Challenges to TB Control Efforts
The challenges to TB control are multifaceted: socio-economic factors, limited access to convenient TB diagnostic centers and lack of sensitive and rapid TB tests.

The TB case detection rate for Zimbabwe is reported at 46%, of which 29% are smear positive. Smear microscopy is the routinely available test for TB with a sensitivity of less than 50%. TB patients who are smear negative have to make numerous return visits to a health facility with referrals for chest radiography before they can be started on TB treatment based on clinical grounds.

Because HIV complicates the symptoms of TB, HIV co-infected TB patients lack the classic symptoms for TB, making clinical diagnosis difficult and protracted. This process is characterized by low follow-up rates and high morbidity and mortality. In Harare, a study showed that 35% of still symptomatic TB suspects had culture proven TB and of these 13% died within 2 months of their first clinic visit.2

A significant number of undiagnosed TB cases exist in the community as TB suspects fail to report for TB investigations at health facilities due to lack of knowledge of TB symptoms and opportunity costs. Studies in Malawi have shown that the cost of seeking a TB diagnosis in so called “free government facilities” can be up to of 240% of a family’s monthly income.3In Harare, only 20% of the TB suspects were able to pay for radiography and clinical examination.4

PSI/Zimbabwe’s HIV/TB Collaborative Activities and Outcomes
The National TB Program (NTP) in Zimbawe, with the help of partners, is implementing several strategies of identifying and treating TB cases. In collaboration with NTP’s efforts on active TB cases finding, since 2005, PSI/Zimbabwe has been offering TB screening and referrals, using a standard questionnaire administered to clients seeking HIV testing and counselling in its network of 18 centres branded New Start. All councelors at New Start centers are equipped with counseling skills necessary to administer the screening tool and identify TB suspects. Since the introduction of the TB screening questionnaire, a total of 24,000 TB suspects have been identified and referred to TB diagnostic centers for investigation and possible treatment. Of the referred TB suspects, 10,000 received TB diagnostic services and 3,000 started TB treatment.

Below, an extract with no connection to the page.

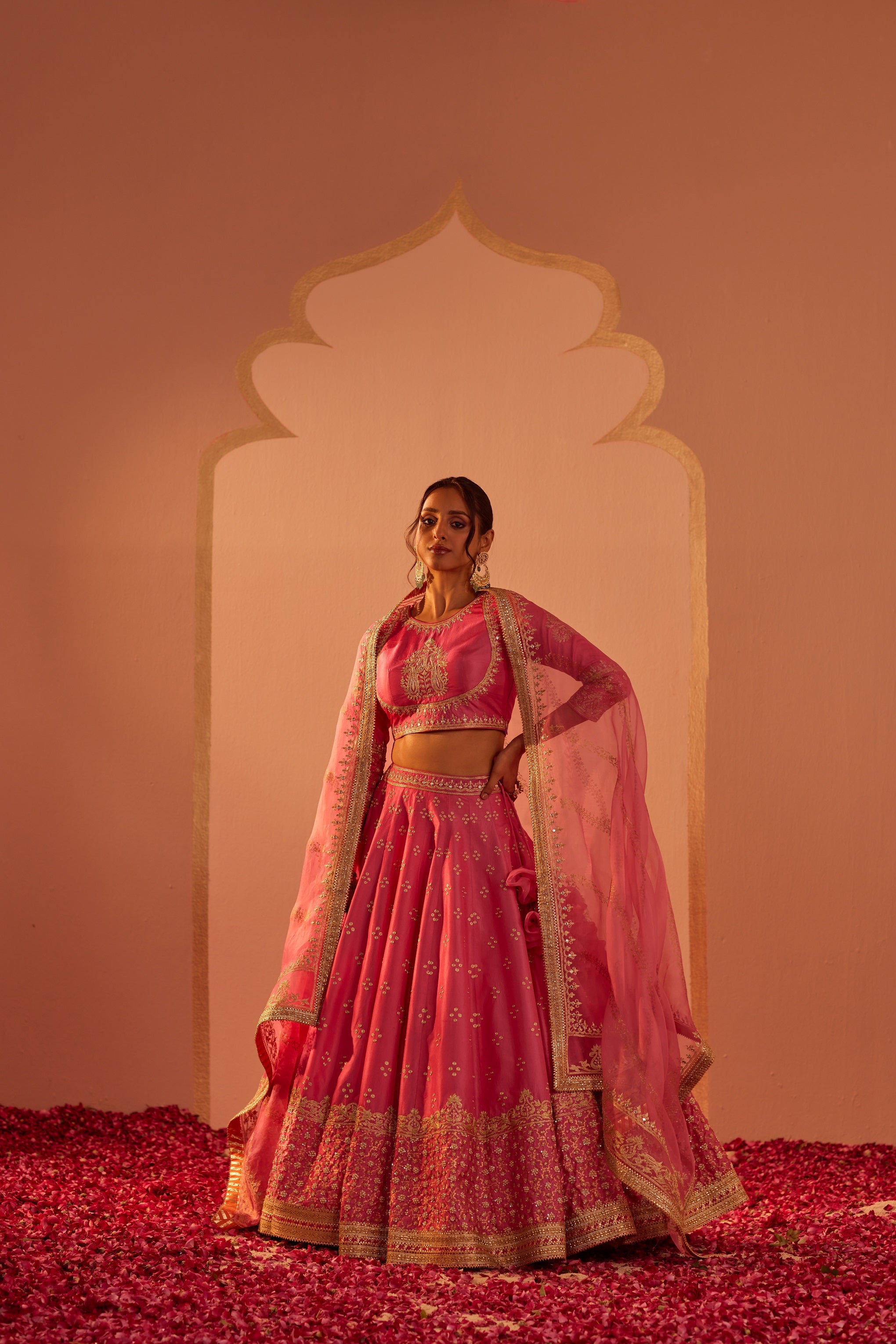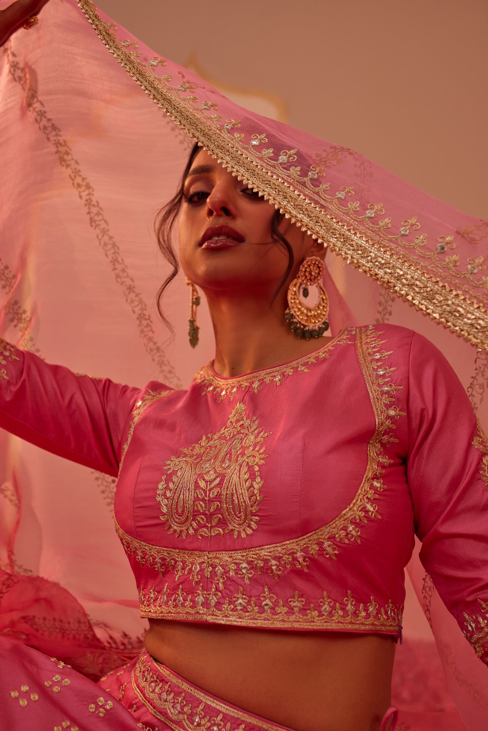 | This ensemble is made in pure silk. The blouse has a zero neck at the front, back with three-quarter sleeves. The lehenga has a broad border and delicate bootis. The outfit is adorned with a signature block print which is highlighted with tilla and patra embroidery. It is finished with a pure benarsi fabric with fine gota detailing. |

PSI/Zimbabwe also implements an advocacy, communication and social mobilization (ACSM) intervention aimed at addressing the TB information gap in the community. The intervention has reached 2.4 million individuals with interpersonal communications and a further 3.8 million individuals each month via mass media

The program has also resulted in good collaboration between New Start and TB care service providers in Zimbabwe, improved capacity of New Start testing and counseling counselors to handle TB suspects, and benefitted non-symptomatic HIV positive clients with preventive TB counseling.

Lessons Learned and Next Steps
In spite of the many successes recorded, several inadequacies with the program were noted. Chief among these was the relatively low rate of successful referrals; tracked referrals ranged from 45% to 55%. Staff and reagent shortages further reduced the number of TB patients who were identified.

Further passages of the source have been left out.